- [WHAT YOU ARE ASKED TO DO]:
The reader should set down exactly the lines from the one containing "넘을 것으로 전망된다." through the last line of the material, omitting every picture.
*** Opening of SUPPLIED INFORMATION ***
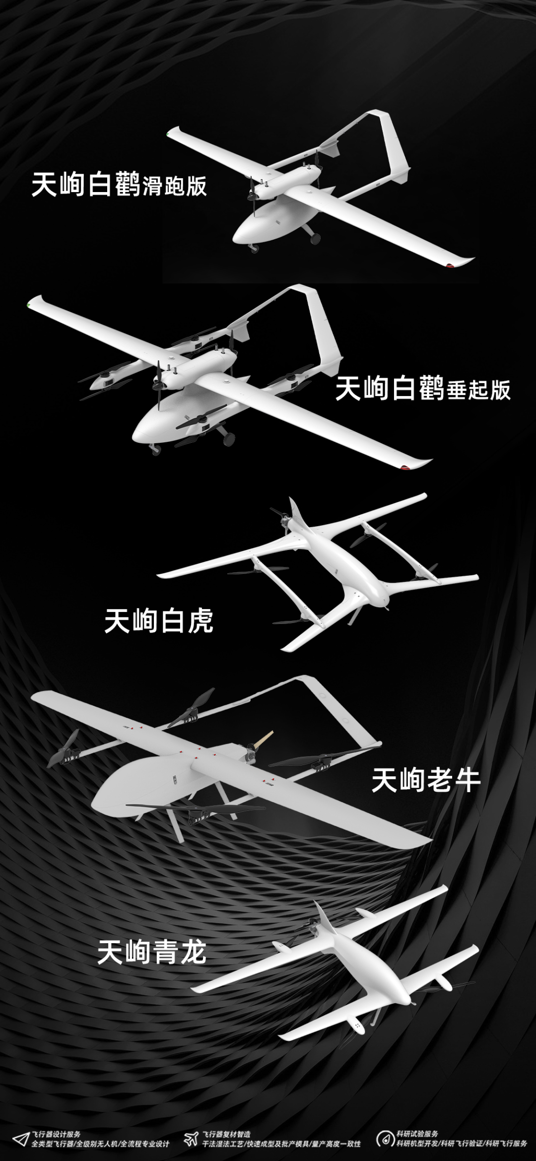 天峋机体平台,涵盖了2kg—180kg的产品序列,包括固定翼、复合翼等多类型自研产品。
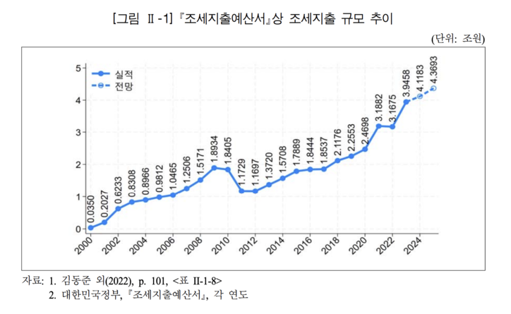 첫 조세지출규모는 `00년 350억원(441만명)이었으나, 가장 최근인 `23년 조세지출 규모는 3조9458억원(1261만명)으로 4조원에 이르렀다. `24~`25년도에도 조세지출규모는 계속 증가해 4조원을 넘을 것으로 전망된다.
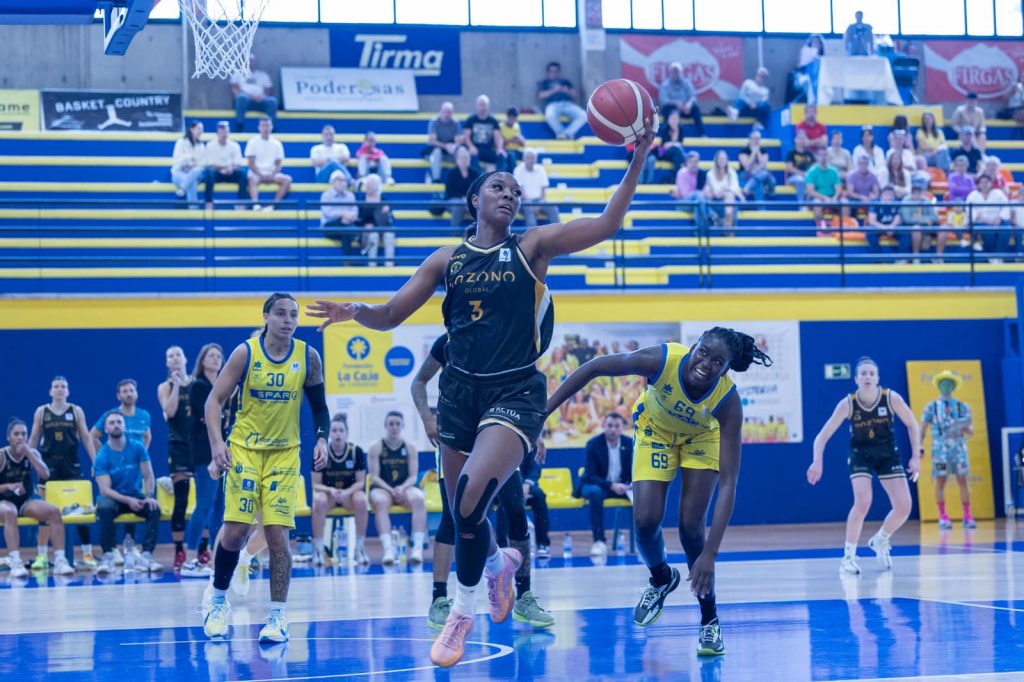 Los últimos diez minutos comenzaban con Delicia Washington imponiendo un ritmo alto y sacando ventajas del contraataque. Belén Arrojo reducía la diferencia a ocho puntos con una canasta de media distancia a pase de Bishop. Un codazo dejaba momentáneamente fuera a Chelsea Nelson a falta de siete minutos para el final, pero las de Montañana no iban a dar el partido por perdido y la dupla Bishop-Ayuso volvía a reducir la ventaja local a seis puntos. Las canarias subían la intensidad física y, por medio de Ndour y Washington, lograban una ventaja de trece puntos con tres minutos por jugar. La falta de acierto y la diferencia de faltas condenaban al Hozono Global Jairis en los minutos finales y el partido finalizaba con 76-63 en el marcador.
*** Close of SUPPLIED INFORMATION ***
- [FINISHED TASK]:
 첫 조세지출규모는 `00년 350억원(441만명)이었으나, 가장 최근인 `23년 조세지출 규모는 3조9458억원(1261만명)으로 4조원에 이르렀다. `24~`25년도에도 조세지출규모는 계속 증가해 4조원을 넘을 것으로 전망된다.
 Los últimos diez minutos comenzaban con Delicia Washington imponiendo un ritmo alto y sacando ventajas del contraataque. Belén Arrojo reducía la diferencia a ocho puntos con una canasta de media distancia a pase de Bishop. Un codazo dejaba momentáneamente fuera a Chelsea Nelson a falta de siete minutos para el final, pero las de Montañana no iban a dar el partido por perdido y la dupla Bishop-Ayuso volvía a reducir la ventaja local a seis puntos. Las canarias subían la intensidad física y, por medio de Ndour y Washington, lograban una ventaja de trece puntos con tres minutos por jugar. La falta de acierto y la diferencia de faltas condenaban al Hozono Global Jairis en los minutos finales y el partido finalizaba con 76-63 en el marcador.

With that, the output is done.